Based on the Outline, books such as The Path to the Construction of a New Japan (edited by the Social Education Federation, now the All-Japan Social Education Federation; published by the Printing Bureau, 1948) were also issued. Chapter 1 was titled "The Present State of Our Country's Economy," and the subsequent chapters were organized according to the seven goals. "Heightening of the will to work" was written by Iwao Ayusawa (last prewar director of the Tokyo Branch of the International Labour Organization and first postwar secretary-general of the Central Labor Relations Commission), "Demonstration of fraternity and cooperation" by the educator Junzō Sasamori, "Cultivation of a spirit of independence" by the economist Seiichirō Takahashi, "Realization of social justice" by Tatsuo Morito, "Establishment of rational and democratic living customs" by the women's movement activist Mumeo Oku, "Emphasis on art, religion, and sports" by the writer Itaru Nii, and "Promotion of the peace movement" by Toyohiko Kagawa, who had begun the New Japan Construction Christian Movement in 1946.
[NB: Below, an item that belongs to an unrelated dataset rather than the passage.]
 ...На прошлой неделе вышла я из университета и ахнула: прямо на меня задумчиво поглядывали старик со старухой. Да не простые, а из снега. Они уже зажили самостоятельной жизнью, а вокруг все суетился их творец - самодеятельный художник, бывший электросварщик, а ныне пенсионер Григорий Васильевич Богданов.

== Targets of mobilization ==
Those targeted for mobilization included representatives of various fields, schools, school-related organizations, youth groups, women's associations, labor unions, farmers' unions, various industrial organizations, legal groups, cultural groups, religious organizations, and others. Mobilization of the media—newspapers, magazines, broadcasting, films, theater, music, literature, etc.—was also sought. The Outline urged the holding of National Movement Conferences throughout the country and the development of the "New Life National Movement" adapted to local conditions, with community centers as bases.
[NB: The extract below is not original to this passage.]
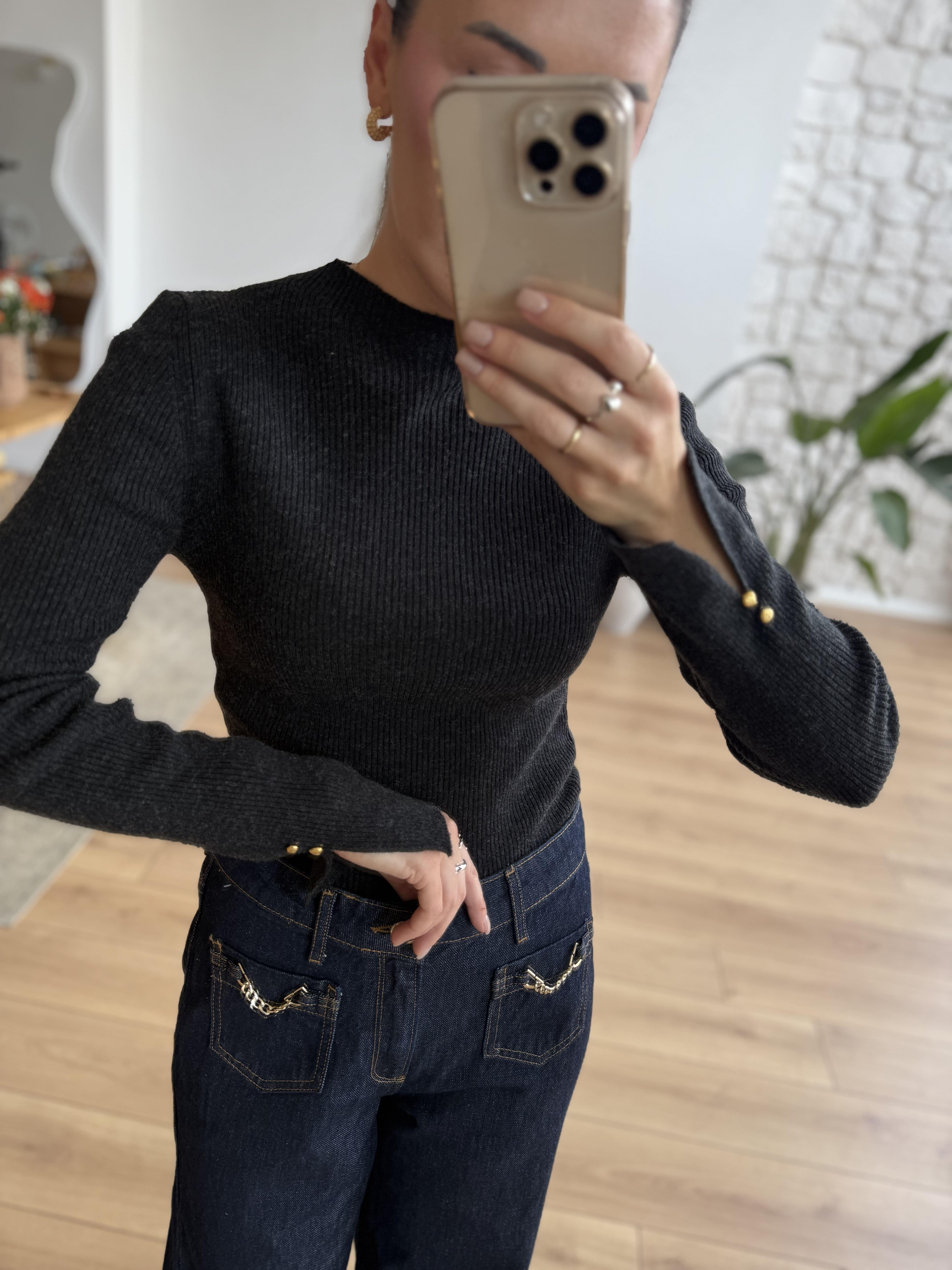 Kolu Aksesuar Detaylı Gri Fitilli Uzun Kollu Triko

Companies and labor unions were called upon to "thoroughly educate workers and promote recreation movements centered on the workplace." There is a view that this later led to corporate interference in family planning.

The Outline also called for the promotion of political education movements based on the Constitution of Japan, with the Constitution Popularization Association as the main body, but this did not bear fruit because the association was dissolved at the end of 1947. On the other hand, local organizations called New Life Movement Promotion Councils were formed in various places, and even after the Katayama Cabinet resigned and the conservative merger took place, the movement continued in some regions and companies as a community-wide or employee-wide effort.